Collected data ▸
Segment Open
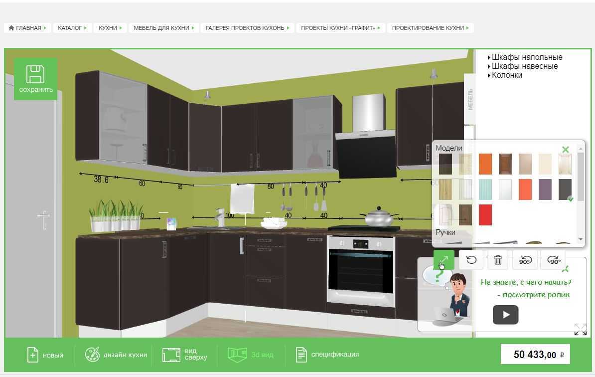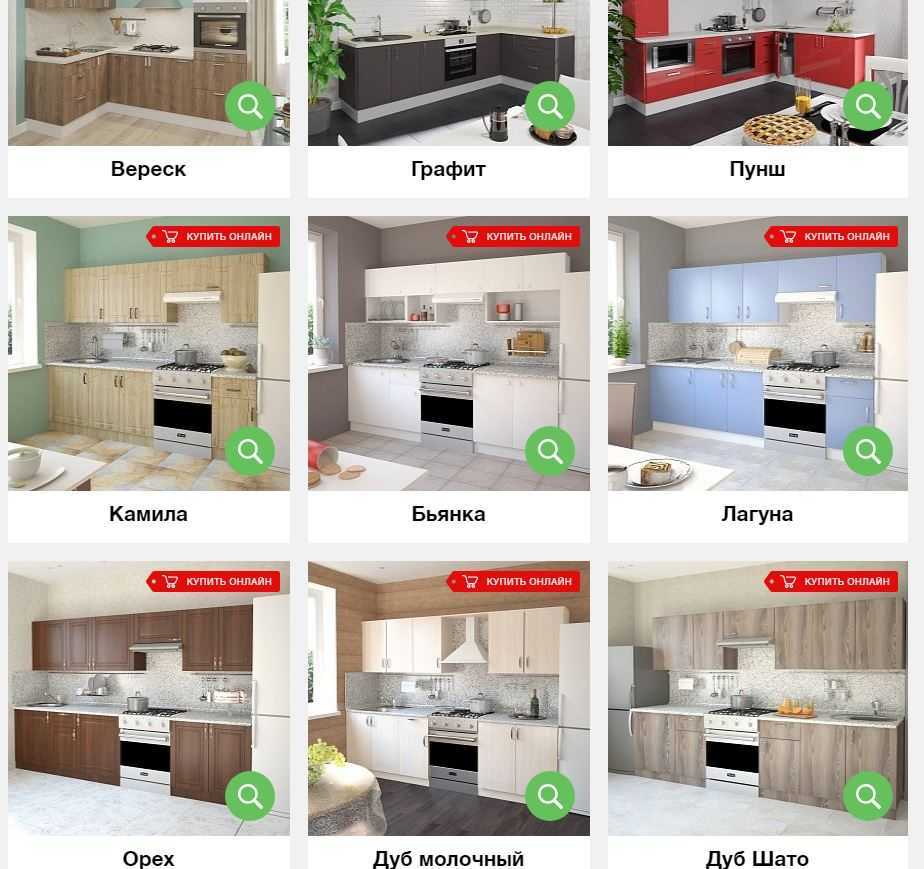 Сразу открывается галерея проектов, где представлены варианты фасадов будущей кухни. Что вам больше по душе — васаби или слива, шоколад или капуччино, вереск или дуб, орех или сосна? Больше двадцати различных решений!
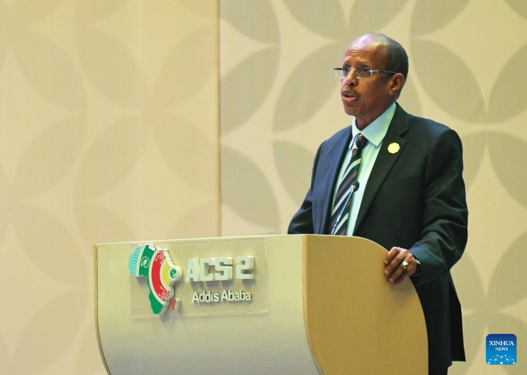 African Union (AU) Commission Chairperson Mahmoud Ali Youssouf addresses the Second Africa Climate Summit in Addis Ababa, Ethiopia, on Sept. 8, 2025. African leaders at the Second Africa Climate Summit on Monday called for stronger climate action and partnerships to advance the continent's green development goals. (Photo by Michael Tewelde/Xinhua)
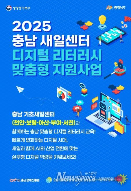 뉴스펀치 강영선 기자 | 충남경제진흥원 내 충남광역여성새로일하기센터는 천안·보령·아산·부여·서천 등 도내 5개 기초새일센터와 함께 '2025 새일센터 디지털 리터러시 맞춤형 지원사업'을 본격적으로 추진한다고 밝혔다.
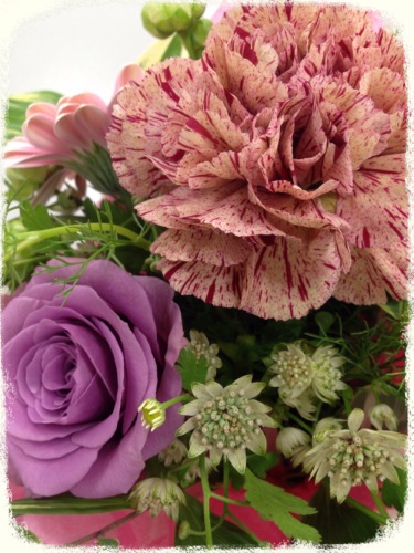 大人なカラーのカーネーションをメインにブーケカーネーションガーベラバラ(2種)グリーンミストアストランティアマトカリナルコラン
Segment Closed
What the task asks ▸ Drop the pictures, then write out only the lines running from the one containing "뉴스펀치 강영선 기자" through the last line above, both included, exactly.

Answer for this exercise ▸
 뉴스펀치 강영선 기자 | 충남경제진흥원 내 충남광역여성새로일하기센터는 천안·보령·아산·부여·서천 등 도내 5개 기초새일센터와 함께 '2025 새일센터 디지털 리터러시 맞춤형 지원사업'을 본격적으로 추진한다고 밝혔다.
 大人なカラーのカーネーションをメインにブーケカーネーションガーベラバラ(2種)グリーンミストアストランティアマトカリナルコラン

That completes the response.